Já no quarto, Catarina acomoda-se sobre o colchão e observa com pesar as gavetas movidas e vazias de seu móvel de cabeceira. Poderia deitar e chorar pelo resto do dia, mas havia deixado de ser assim. Algo se modificara dentro dela, não choraria mais por aqueles que eram incapazes de enxergá-la.

Corajosa, ergue-se e afasta com alguma dificuldade o pequeno e tolo criado-mudo que não soubera guardar seu segredo. Tendo a parede disponível diante de suas revolucionárias pretensões, retira o lápis da bolsa e escreve seu nome sobre a superfície limpinha, com uma letra bem escura e grande.

― Ai, se uma delas me pega! ― diz Catarina com um riso, antes de devolver o móvel à sua posição original, a fim de camuflar seu mais recente delito ― Acho que virei uma criminosa. Ao menos meu nome, a mais importante de todas as palavras, ninguém conseguirá arrancar de mim. E, quando eu terminar o curso, vou pegar aquelas cartas de volta.
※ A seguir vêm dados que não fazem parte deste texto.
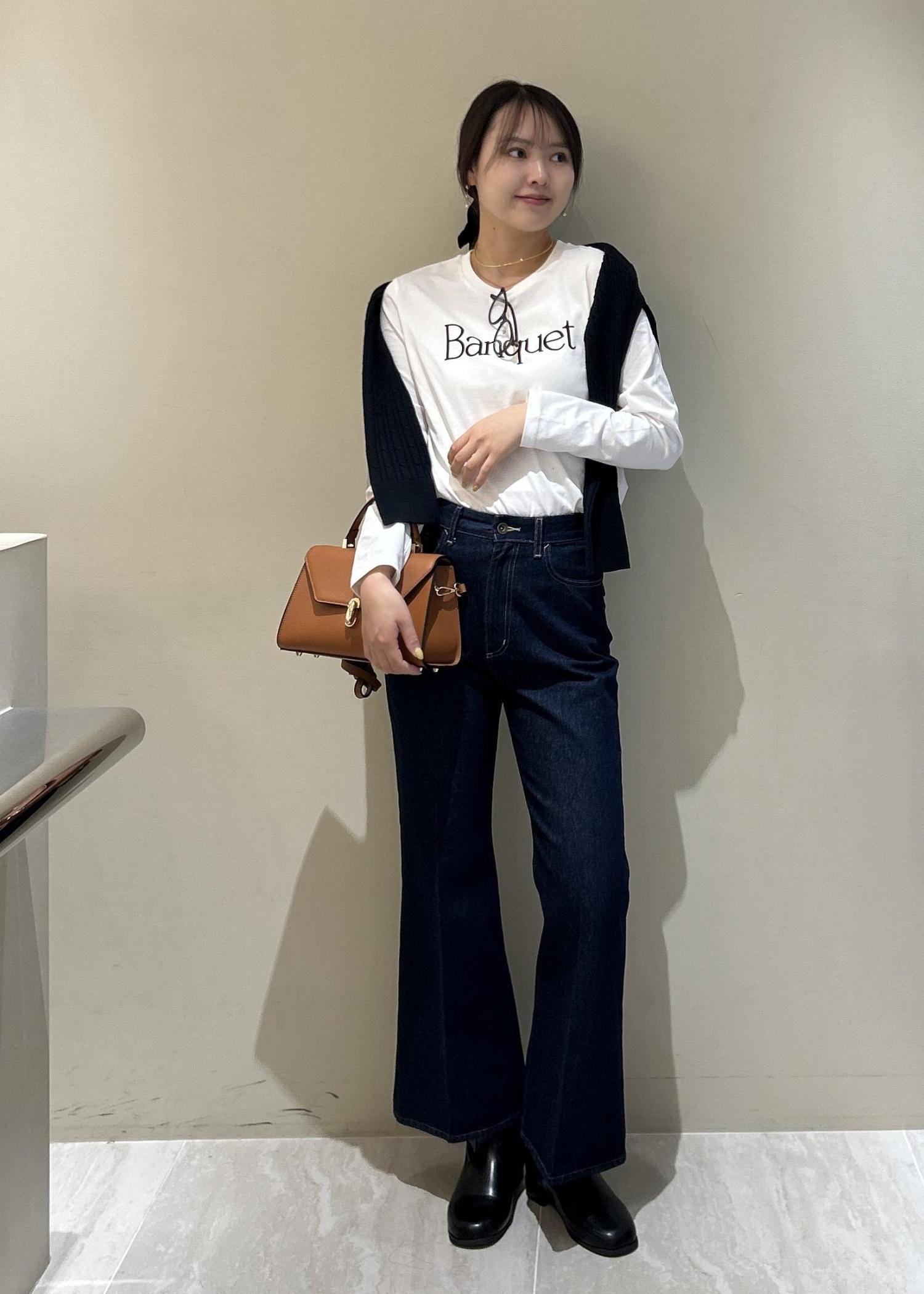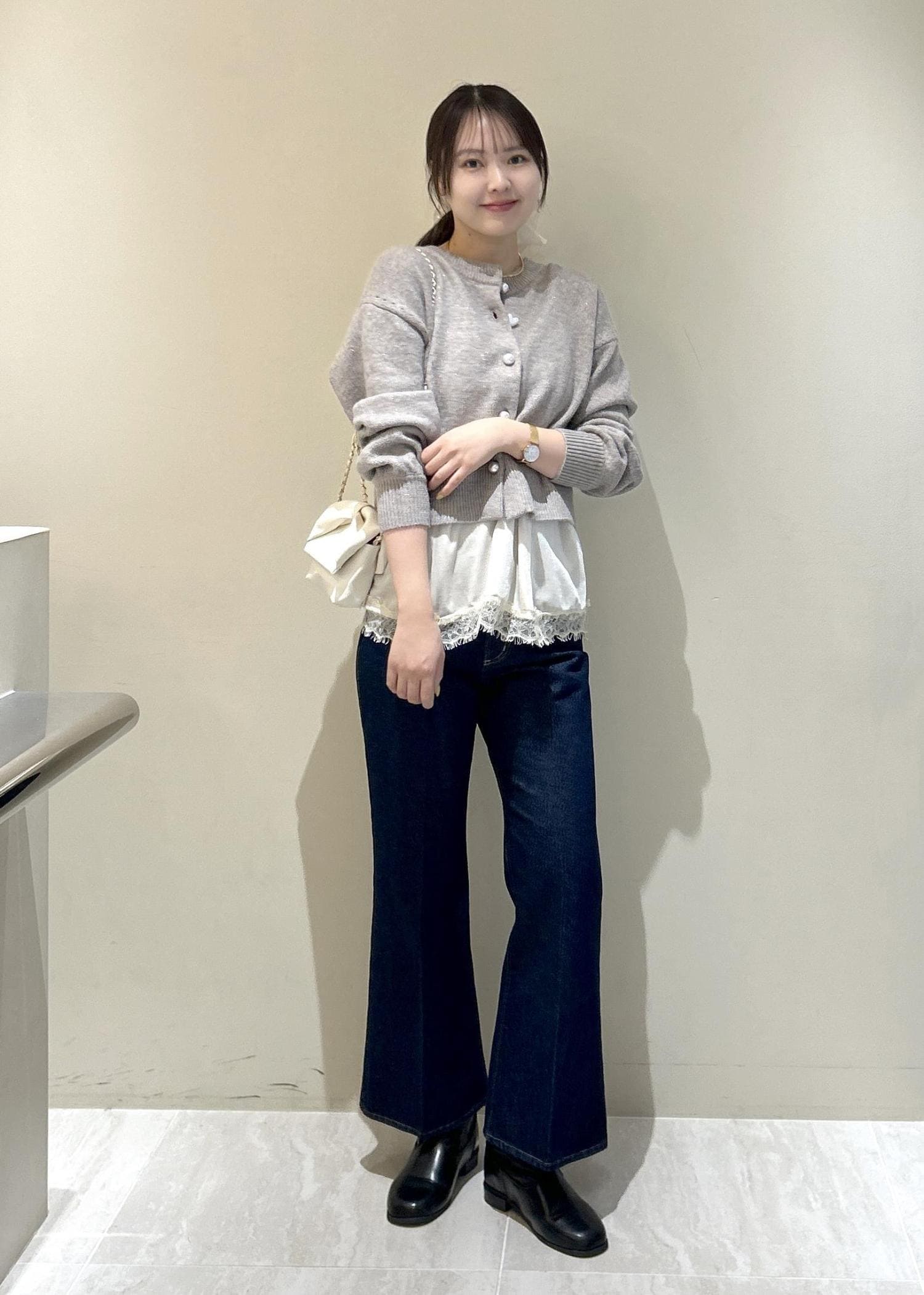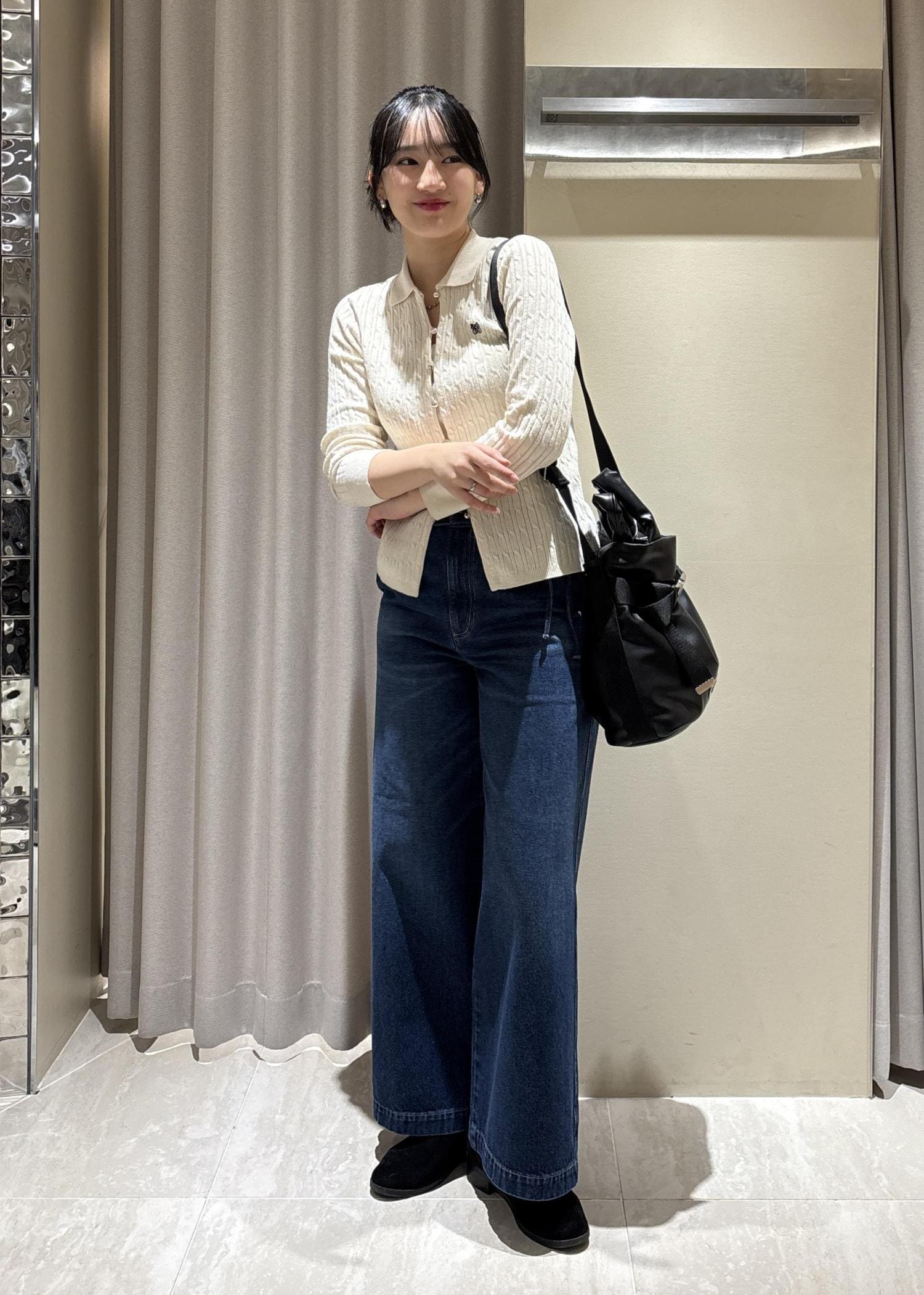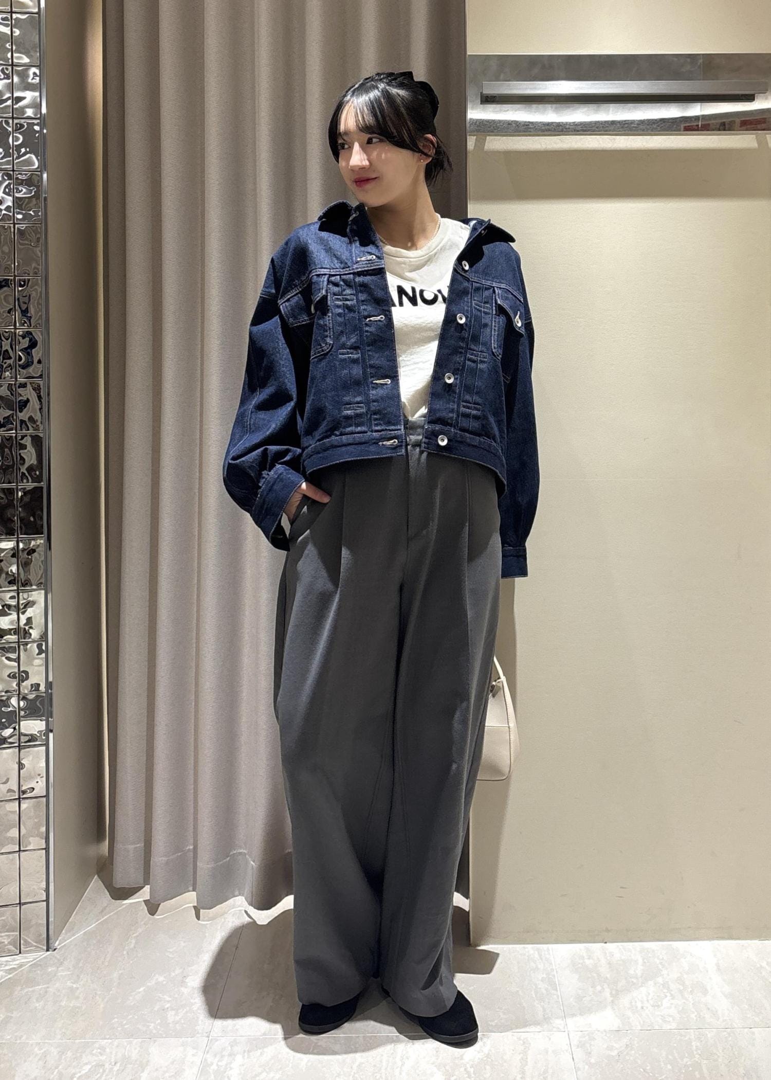丸みシルエットなので、メンズライクなデニムジャケットも女性らしく着ていただきやすいです◎

Quero só ver a polícia levar presa uma mulher de setenta anos que sabe ler e escrever!

Natural de Fortaleza, no estado do Ceará, é autor do romance “A Morte de um Embusteiro Viajante” e do livro de contos “Amores, Desafetos e Outros Despautérios Acerca de Eros”, além de colunista das revistas Plural e Samizdat.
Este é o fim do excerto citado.